We’re thrilled to welcome fan favorite Josh Lanyon back to Carina Press with Stranger on the Shore. Journalist Griffin Hadley shrugs off lawyer Pierce Mather’s objections to his investigation of a decades-old kidnapping, but it might not be so easy to shrug off the objections of someone willing to do anything to keep the past buried.
Bestselling author Stephanie Tyler returns with another sexy, unique story set not too far into our possible post-apocalyptic future. In Salvation, when Luna leaves Defiance to rescue Bish from a rival gang, she doesn’t realize she’s the one who will end up needing saving—both from the gang and from Bish, the man who can’t wait any longer to claim her and make her his. Though this book can be read as a standalone, be sure to check out both Defiance and Redemption as well!
There’s No Accounting for Cowboys in Leah Braemel’s sexy contemporary cowboy romance. Jake Grady relies on family accountant Paige Reynolds to bring order to his life, when family secrets throw it into chaos. Check out our new reduced-price bundle of Leah’s erotic romance duology, Texas Tangle and Tangled Past, available now.
And speaking of sexy contemporary romance, the only woman Grand Duke Armand ever desired is her, but not every girl dreams of marrying a prince. Anna doesn’t want prince charming, she loved the man behind the crown. Can they overcome their mistakes and reclaim a love neither forgot? Don’t miss this Going Royal book by Heather Long, Some Like It Scandalous.
Tamara Morgan joins us with the start to a new contemporary romance series in If I Stay. In this kickoff to a modern-day Downton Abbey series, the nanny to a rich hotelier family must choose between the hard-edged chauffeur who gets her pulse racing and the profligate playboy she’s loved her whole life.
Another author kicking off a new series is Sheryl Nantus. If you’ve been looking for a unique futuristic romance series to enjoy, In the Black is being described as Firefly meets Best Little Whorehouse in Texas. What’s more unique than a heroine who’s captain of a bordello spaceship?
Male/male author KC Burn also offers up a futuristic romance this month. Falling in love with an alien exotic dancer forces a prejudiced fleet captain to reevaluate who he is and what he believes in Voodoo ’n’ Vice.

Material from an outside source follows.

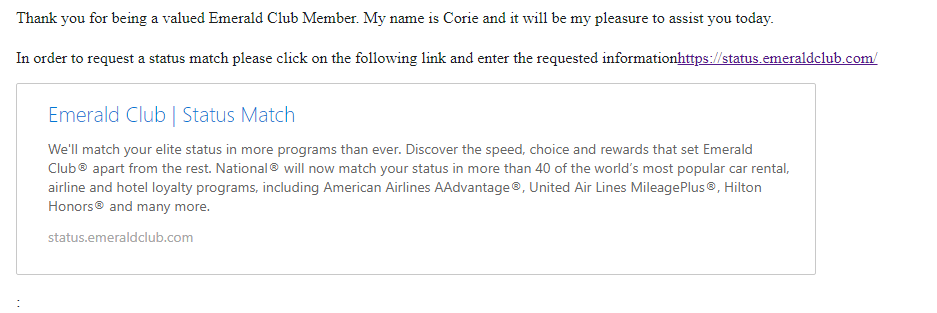 Ik zou een e-mailtje wagen naar National met de link en je membership number en vragen of ze alsnog willen matchen naar Executive Elite.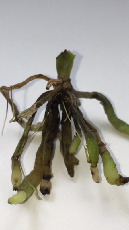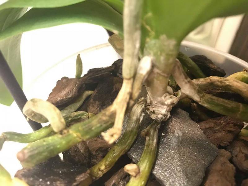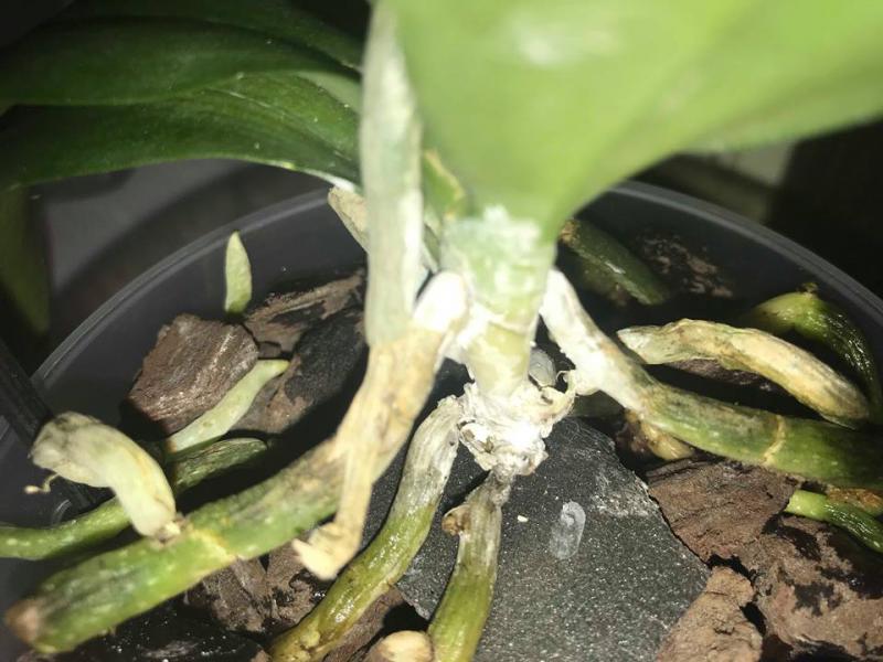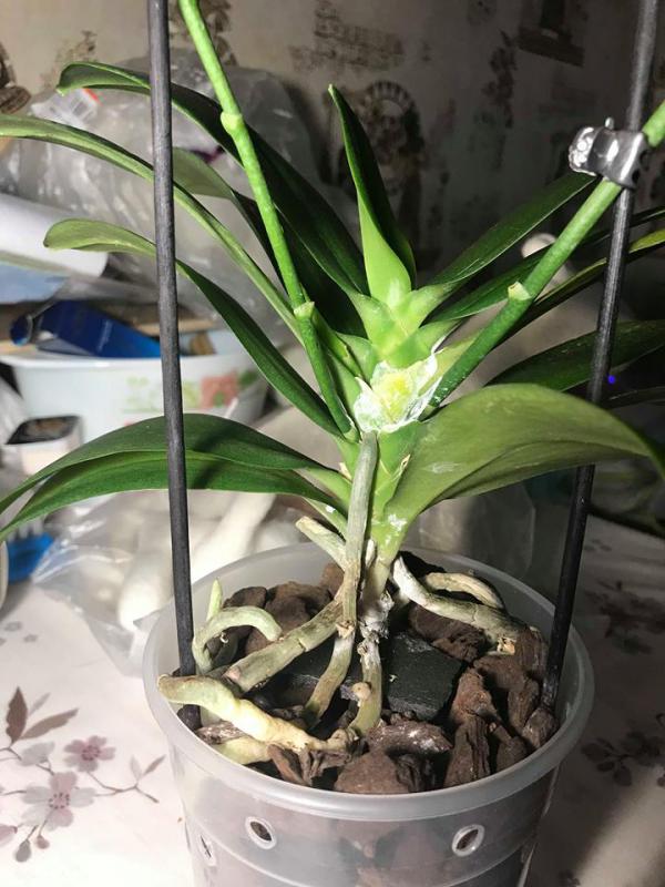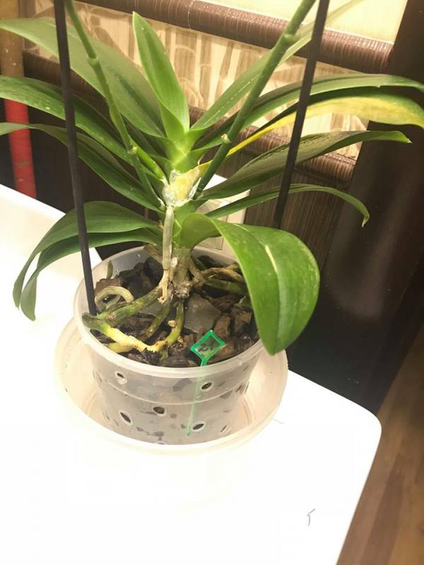 Жалость уже для меня сейчас последнее дело, главное спасти растюху. В общем я сейчас рубанула ему шейку с корнями, прилично укоротила см. на 3. Замазала ее фундазолом. Под попу положила пенопласт и зафиксировала дугообразным держателем цветоноса, не успела обрезать сами цветоносы, они отцвели, зато стали отличным держателем. И не стала вокруг обкладывать мхом, стоит ли?

May is a month packed full of science fiction, fantasy and futuristic books. Cindy Spencer Pape is back with a new book in her Gaslight Chronicles, Dragons & Dirigibles (I love this title!). Airship engineer Melody MacKay is exactly the kind of emancipated woman Victor Arrington wants to keep away from his impressionable niece—that is, until smugglers start trying to kill the girl. Then Victor turns to Melody for help. If you’re new to the Gaslight Chronicles, you can start the series now with a new, reduced-price bundle of the first three books in the series. Available wherever ebooks are sold.
Author T.D. Wilson returns to Carina Press with book two in his space opera series. In The Epherium Chronicles: Crucible, only one more jump to the new colony in the Cygni star system, but what will Captain James Hood find when he arrives—a thriving colony, dangerous enemies, or will it be in ruins?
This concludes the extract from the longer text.